The jockey. I nod at the trainer as he’s telling me how to ride this race. It’s ok but I know what I should be doing, just as I know that this big beast of a seven year old can do much more than they reckon. I’m glad I can make the weight with room to spare. Although maybe it would be better if I were a bit heavier, then the weight would be working instead of dead and useless in the weight pad. Jesus this horse has some power. Lean back a tad, keep his mind on the job, calm, don’t just hang onto him. He’s taking a steady pull, but that’s as much excitement as anything else. Every stride is surging forwards against me, my hands, my weight. Barely contained, that half a tonne of muscle, bone and attitude pounding forwards. He’s still young but this horse knows the game. “Steady lad, steady… we’ll get there soon enough” and he hears me even though it’s barely a murmur. Those sleek birch grey ears swivel back momentarily, that steady snort of steamy breath matching an even stride. I just know how his eyes are shining, the bugger. Can’t help but smile and love that perfect rhythm.

The horse. Sunshine warm on my back; the scent of crushed grass rising. I am warm, blood and heart surging faster. My skin taut and strong over my frame, my muscles pressing hard. I know why I am here. I know what they want. I know the fear and the thrill and I set my head against the pull. We are slowing and the stink of muscle and sweat are in my nostrils and I am ready.

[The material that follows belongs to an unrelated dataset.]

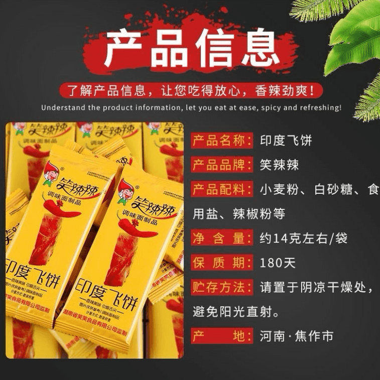 Laughing Spicy Indian Flying Pancake Spicy Strips Dry Spicy Slices Hard Crispy Large Spicy Slices Vintage Childhood Nostalgic Leisure Snacks 14g * 10 packs | Yami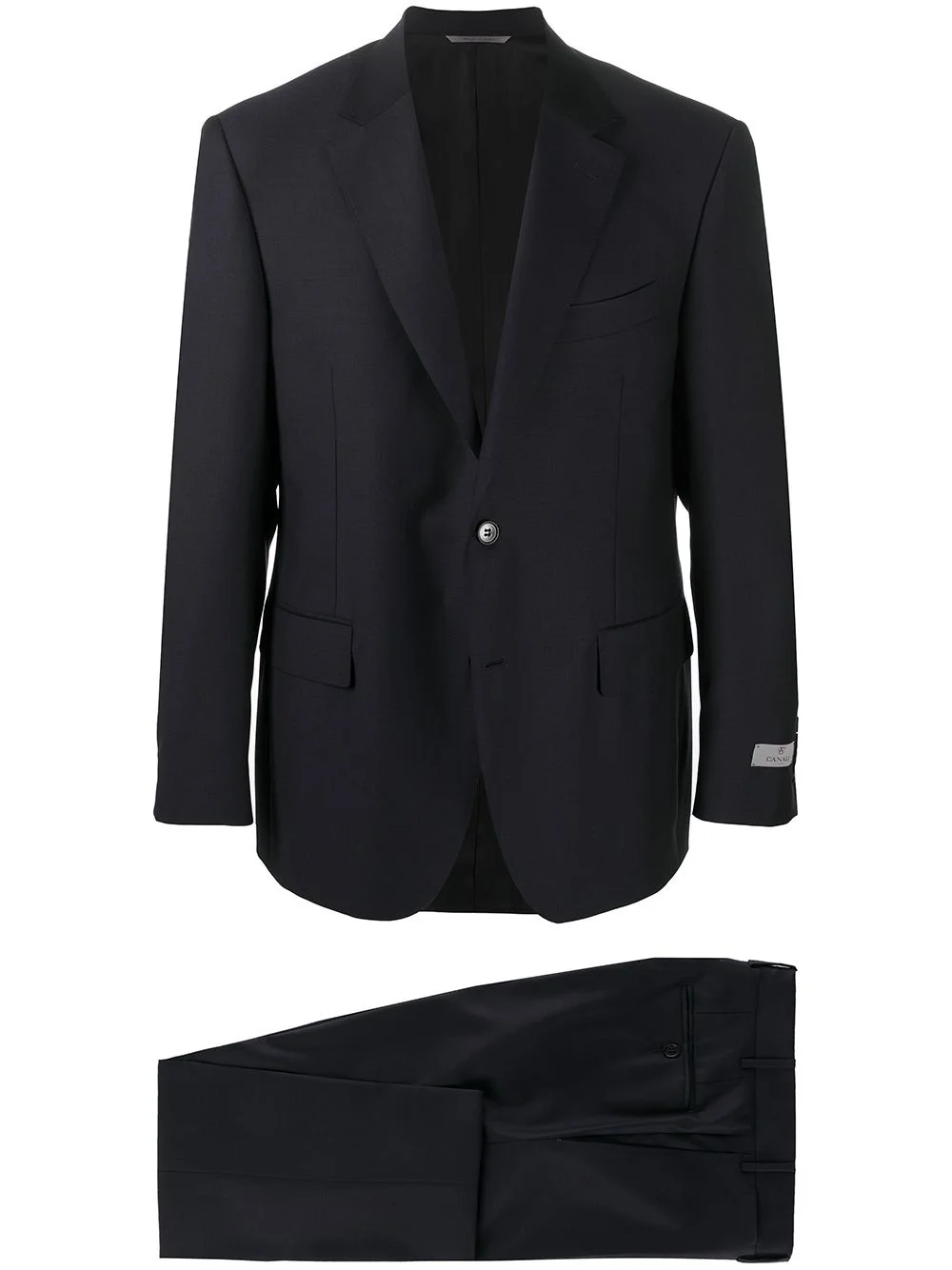 single-breasted wool suit dark blue wool full lining notched lapels long sleeves two front flap pockets chest welt pocket front button fastening straight leg two rear welt pockets belt loops Made in Italy Composition Lining: Cupro 100% Outer: Wool 100% SIZE & FIT Model measurements Height 6 ft 1 in(1.85 m) Bust/Chest 37.79 in(96 cm) Hips 37.4 in(95 cm) Waist 30.7 in(78 cm)

Beyond. Suddenly in slow motion and quiet, the two of them stop in shared silence between the greens below and the blues above. They stare momentarily at the four and a half foot obstacle, suspension, stillness, a time and motion hiatus. They turn back striding lean and sleek and fluid, towards the start. They are ready.

Wasting your time again

In the chicken run three baby rats are playing. They duck and dive to hide under a log or a stone whenever a bird comes near. The bird doesn’t have to be a chicken, sparrows are just as effective. Magpies even more so. We tried hosing all the secret places in the run but we never see the baby rats or their parents fleeing from the water. They must live elsewhere. Or next door’s cat might have dealt with the parents, leaving the orphans to fend for themselves. The baby rats have worked out where the chicken food and water are, but they appear to be homeless. When the water flows through the holes and we lift the stones and logs to find the rats, they are nowhere to be seen nor any trace of a nest. They are living elsewhere, coming into the chicken run whenever they are hungry or thirsty and next door’s cat is busy doing something else. I watch the hens and wonder what they think of their boisterous visitors. The sparrows are keener to hurry them away and our lovely cockerel chases the sparrows in turn. Perhaps the cockerel wants to welcome his murine guests as part of his little tribe. Mustafa is a Peking bantam and he’s less than one foot high. He crows loud and often to remind the girls, the sparrows and the baby rats too, that he is much bigger than he appears. The baby rats are in awe of Mustapha, of his amazing colour scheme, the chaos of his long curved feathers and his fluffy ankles. He looks black but when the sun hits him his feathers shimmer iridescent green and purple. The lighter shades peep out to tease when the wind blows. His bright red wattles are beacons for his ladies, whatever the light and wind are doing. Mustapha is a gentlemen, dignified and with a quiet authority that none of his hens bother to notice. But the baby rats watch in awe as Mustapha approaches, his step heavy and ponderous, his feathered feet muddy and his stride small. They see him coming closer, they see him stop and they watch as he steps suddenly sideways and at right angles. Mustapha is on patrol and the baby rats run away to hide as a brace of sparrows skim overhead diving for the feeder. The baby rats only hide for a little while and as dusk comes on they do not appear at all. They are living elsewhere

 

Overgrowth

He’s ugly, underweight, his face sagging swathes of empty bristled flesh. His eyes peer out from beneath heavy overhangs and his thick bristled brows point up and towards each other like a demon’s. He looks out through a wall of windows at the chaos of plants and shrubs that are his small garden. He wonders just how many rat families have made their homes there. When he catches them indoors in humane traps he gently releases them back into the garden. Sometimes at night he hears their awful squeals as neighbourhood cats carry out periodic culls. 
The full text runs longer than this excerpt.